Exercise details
For this exercise, reproduce the entries below exactly, but only from the line containing "Tea lovers can" through the line containing "Tham dự trực", both included.

Data supplied
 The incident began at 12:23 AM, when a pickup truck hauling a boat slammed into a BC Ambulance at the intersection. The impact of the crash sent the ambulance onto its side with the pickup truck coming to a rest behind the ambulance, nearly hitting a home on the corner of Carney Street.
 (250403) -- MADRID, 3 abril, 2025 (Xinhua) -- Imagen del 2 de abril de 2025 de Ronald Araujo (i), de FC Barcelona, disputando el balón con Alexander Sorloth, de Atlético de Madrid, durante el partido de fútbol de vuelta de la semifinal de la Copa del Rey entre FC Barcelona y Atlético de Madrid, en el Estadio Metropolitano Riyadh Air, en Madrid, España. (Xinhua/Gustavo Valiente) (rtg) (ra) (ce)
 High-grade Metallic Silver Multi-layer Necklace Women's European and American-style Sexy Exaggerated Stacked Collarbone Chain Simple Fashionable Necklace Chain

==

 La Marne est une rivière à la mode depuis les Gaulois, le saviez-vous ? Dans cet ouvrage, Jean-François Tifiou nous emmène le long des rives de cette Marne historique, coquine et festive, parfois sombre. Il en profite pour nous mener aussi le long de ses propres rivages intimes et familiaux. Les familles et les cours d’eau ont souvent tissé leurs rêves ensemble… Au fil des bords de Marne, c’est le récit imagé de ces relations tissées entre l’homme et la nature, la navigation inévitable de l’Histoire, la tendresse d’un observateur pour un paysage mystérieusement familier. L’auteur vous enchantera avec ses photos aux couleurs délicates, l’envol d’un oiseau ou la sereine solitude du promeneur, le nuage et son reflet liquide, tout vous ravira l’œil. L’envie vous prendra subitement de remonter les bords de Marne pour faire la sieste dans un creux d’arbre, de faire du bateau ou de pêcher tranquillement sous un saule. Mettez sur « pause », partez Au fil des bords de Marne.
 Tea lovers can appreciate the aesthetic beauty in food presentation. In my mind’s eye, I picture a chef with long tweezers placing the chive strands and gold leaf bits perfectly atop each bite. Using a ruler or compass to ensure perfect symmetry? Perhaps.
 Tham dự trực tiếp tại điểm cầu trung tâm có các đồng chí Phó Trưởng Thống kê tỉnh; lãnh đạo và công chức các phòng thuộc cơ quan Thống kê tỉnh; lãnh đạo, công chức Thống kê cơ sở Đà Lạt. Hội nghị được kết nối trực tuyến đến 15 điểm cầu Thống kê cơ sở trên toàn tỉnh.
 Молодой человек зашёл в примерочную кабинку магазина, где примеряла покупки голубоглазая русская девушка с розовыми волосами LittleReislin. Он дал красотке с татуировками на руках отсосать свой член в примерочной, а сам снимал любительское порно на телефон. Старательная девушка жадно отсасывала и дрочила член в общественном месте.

...

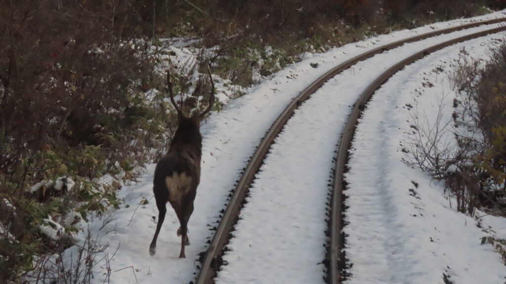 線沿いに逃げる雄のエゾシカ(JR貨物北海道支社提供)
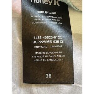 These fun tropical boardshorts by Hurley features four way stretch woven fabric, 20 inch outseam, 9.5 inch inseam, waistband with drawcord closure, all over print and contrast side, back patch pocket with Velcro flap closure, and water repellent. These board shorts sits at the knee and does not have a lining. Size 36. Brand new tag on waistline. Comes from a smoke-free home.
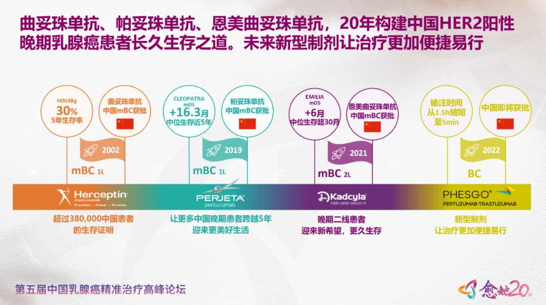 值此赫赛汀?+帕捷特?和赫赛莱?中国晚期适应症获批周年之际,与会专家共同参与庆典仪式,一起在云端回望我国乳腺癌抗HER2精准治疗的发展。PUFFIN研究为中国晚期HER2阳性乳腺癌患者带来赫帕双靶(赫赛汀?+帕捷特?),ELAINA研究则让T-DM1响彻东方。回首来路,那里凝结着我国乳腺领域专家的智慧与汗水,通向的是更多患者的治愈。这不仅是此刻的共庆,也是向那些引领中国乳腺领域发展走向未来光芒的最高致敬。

Solved exercise
 Tea lovers can appreciate the aesthetic beauty in food presentation. In my mind’s eye, I picture a chef with long tweezers placing the chive strands and gold leaf bits perfectly atop each bite. Using a ruler or compass to ensure perfect symmetry? Perhaps.
 Tham dự trực tiếp tại điểm cầu trung tâm có các đồng chí Phó Trưởng Thống kê tỉnh; lãnh đạo và công chức các phòng thuộc cơ quan Thống kê tỉnh; lãnh đạo, công chức Thống kê cơ sở Đà Lạt. Hội nghị được kết nối trực tuyến đến 15 điểm cầu Thống kê cơ sở trên toàn tỉnh.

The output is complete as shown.